- Interactive map of Madduvalasa
- Madduvalasa Location in Andhra Pradesh, India Madduvalasa Madduvalasa (India)
- Coordinates: 18°36′05″N 83°35′33″E﻿ / ﻿18.6013°N 83.5925°E
- Country: India
- State: Andhra Pradesh
- District: Vizianagaram
- Talukas: Vangara

Languages
- • Official: Telugu
- Time zone: UTC+5:30 (IST)
- PIN: 532122
- Nearest city: Rajam

= Madduvalasa =

Madduvalasa is a village in Vangara mandal of Vizianagaram district, Andhra Pradesh, India. The villagers speak the Telugu language.

==Demographics==
The total population of Madduvalasa is 600 (325 males and 275 females), living in 133 houses. The total area of Madduvalasa is 148 hectare.

==Madduvalasa Reservoir==
Madduvalasa Reservoir has been built on the Vegavati and Suvarnamukhi rivers, subsidiaries of the Nagavali River at Madduvalasa. It was commissioned in 1977 and completed in 2002. About 23000 acre of land was brought under cultivation with the water.

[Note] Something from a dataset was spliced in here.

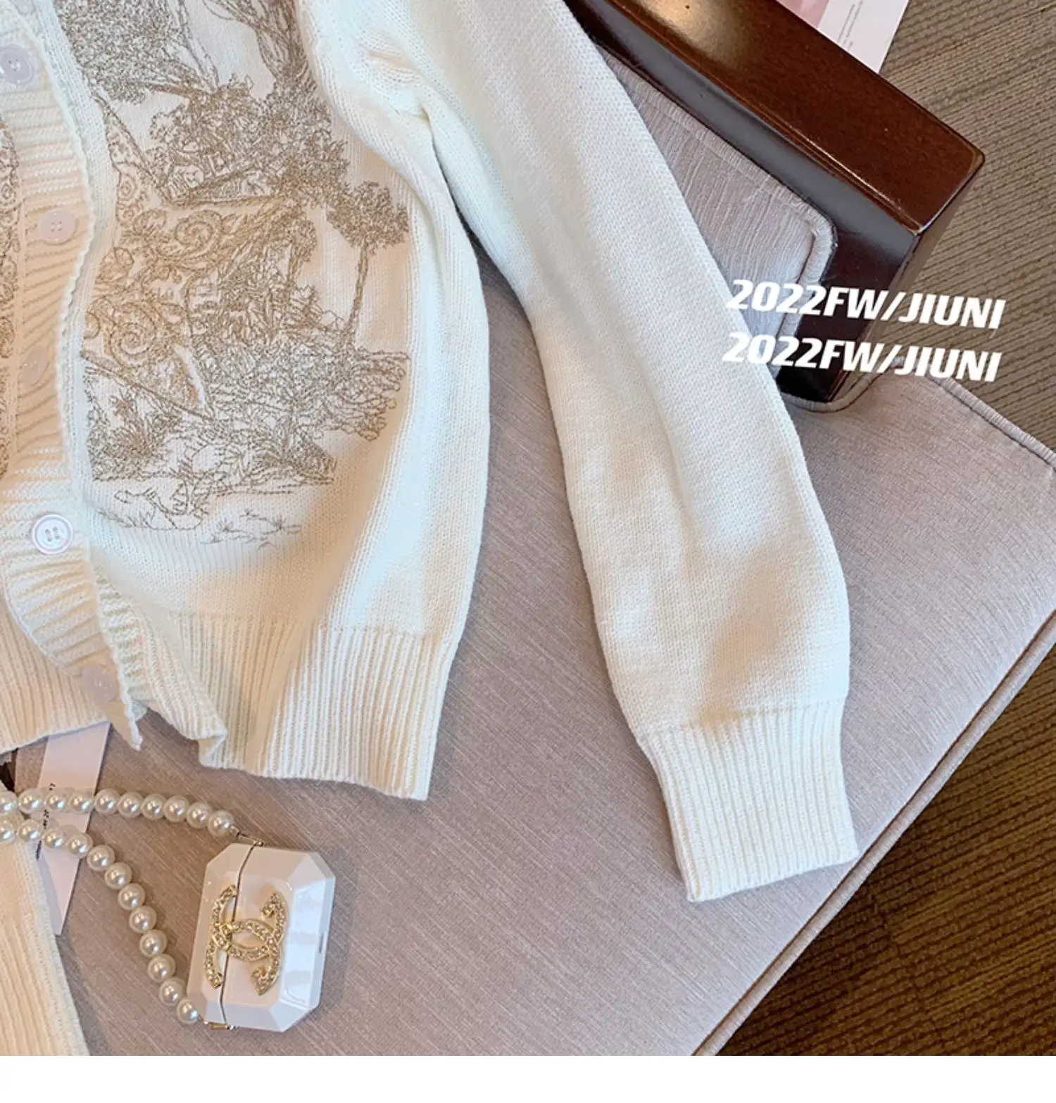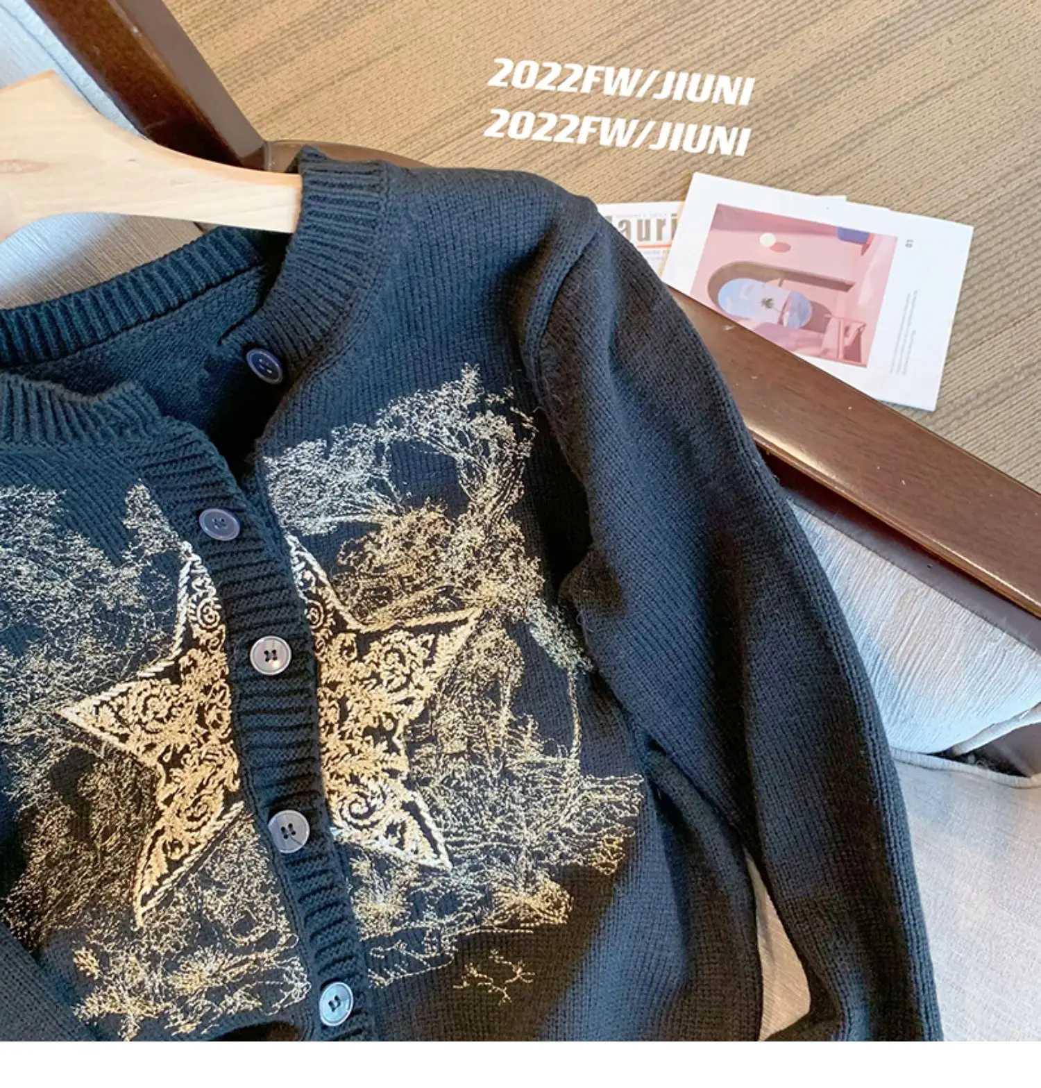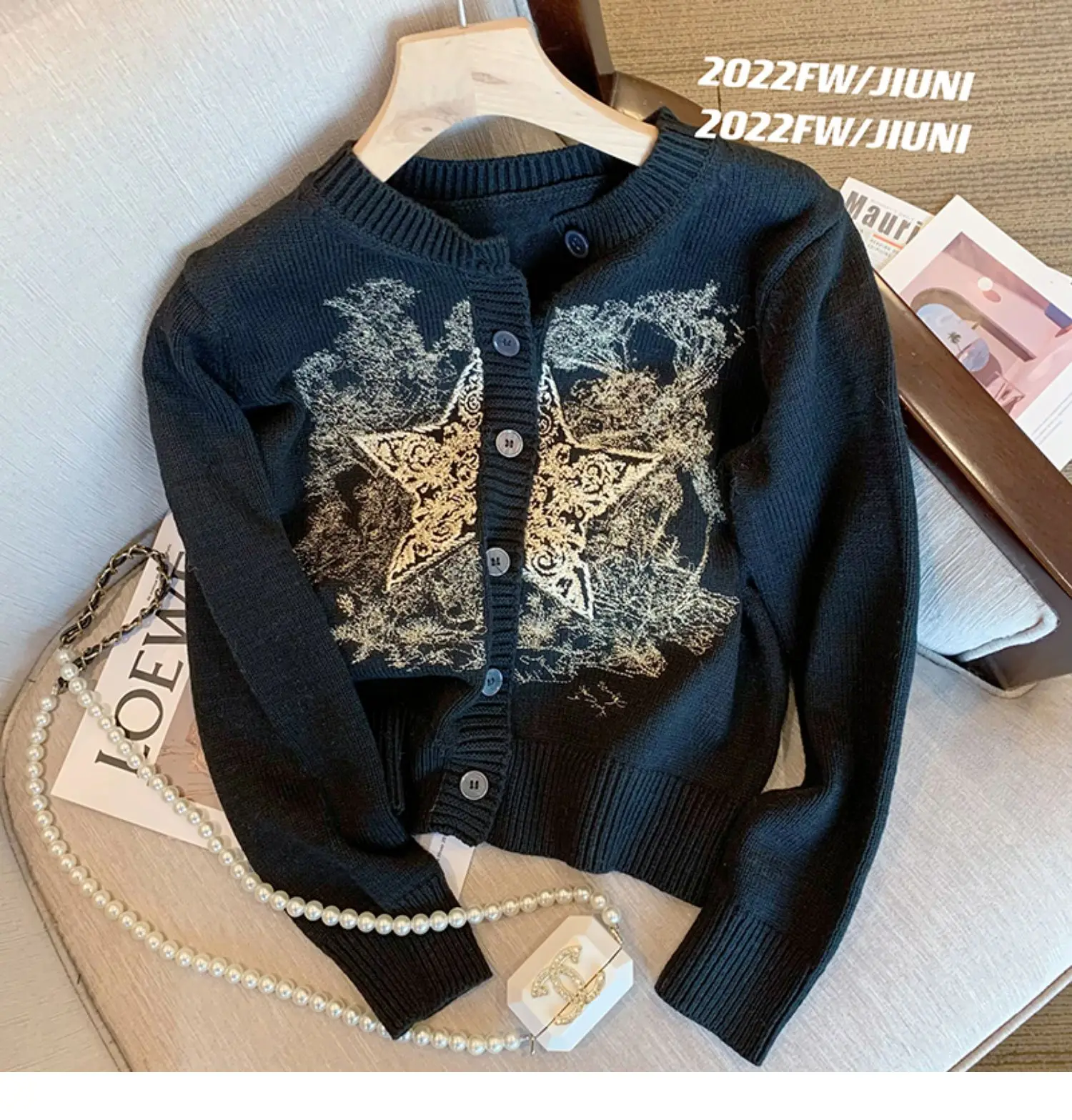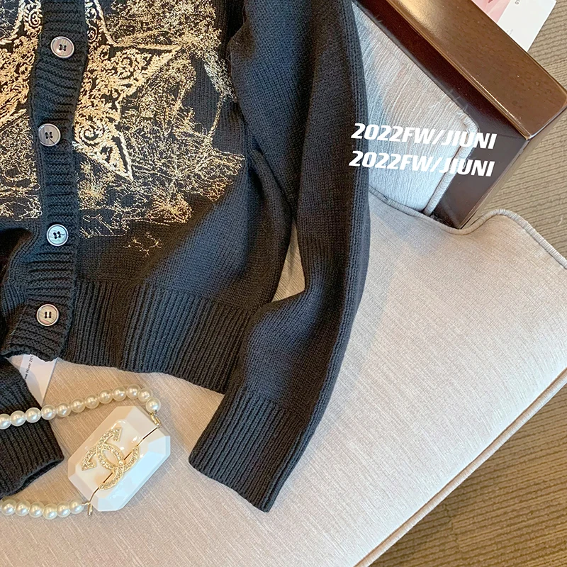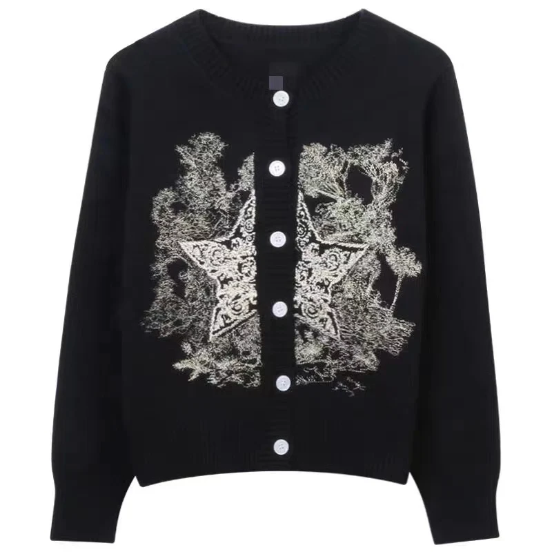 Autumn Winter Woman Old Money Vintage Harajuku Fashion Embroidery Cardigan O-Neck Single-breasted Sweater Long Sleeve Aesthetic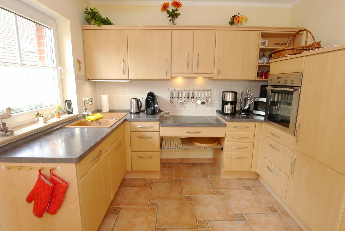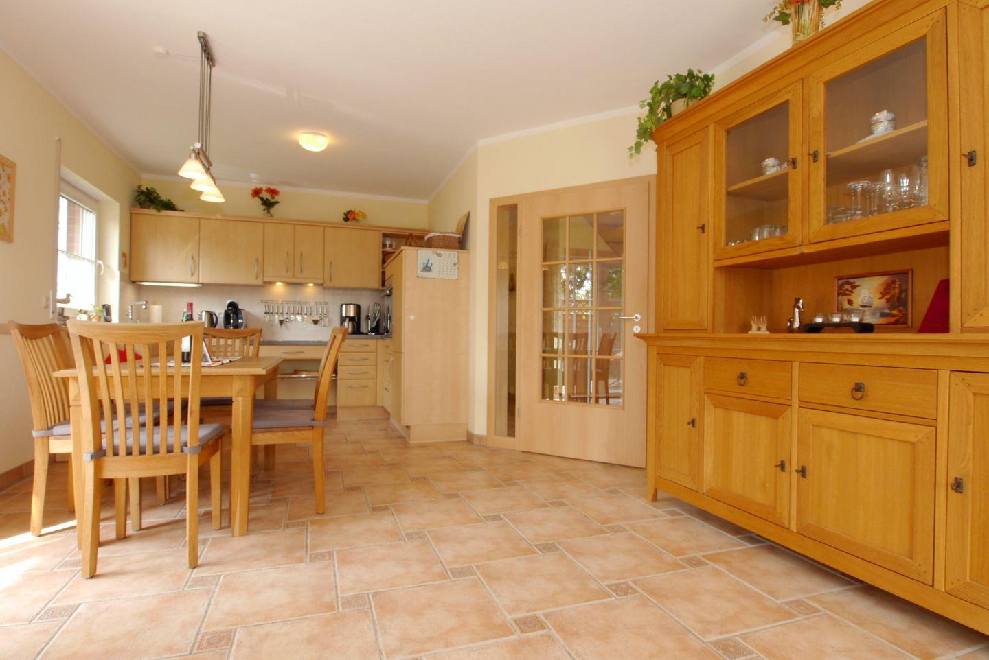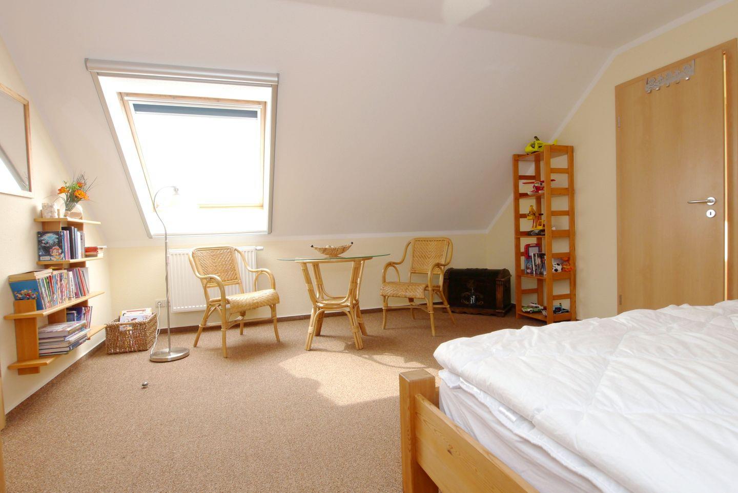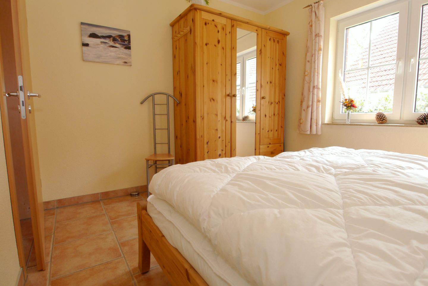 Dieses 100 qm große Einzelhaus wird für bis zu 6 Personen angeboten. Das Wohnzimmer mit Kaminofen, Essecke und großzügig ausgestatteter Küche befindet sich im Erdgeschoss. Hier erfolgt auch der Zugang zur Süd-Westterrasse. Im unteren Bereich sind zwei Schlafzimmer zu finden, eines ist mit einem Doppelbett und das andere mit zwei Einzelbetten eingerichtet. Hier stehen auch ein Badezimmer mit begehbarem Duschbereich und ein Gäste-WC zur Verfügung. Im Obergeschoss ist das dritte Schlafzimmer, ebenfalls mit Doppelbett, zu finden.

The seven villages of Patuvardhanam, Devikiwada, Chinna Devikiwada, CBR Peta, Nukalavada, Narendrapuram and Gitanapalli, comprising about 2,240 families, were adjacent to the Full Reservoir Level (FRL). They were identified for a rehabilitation package involving an expenditure of ₹ 270 million.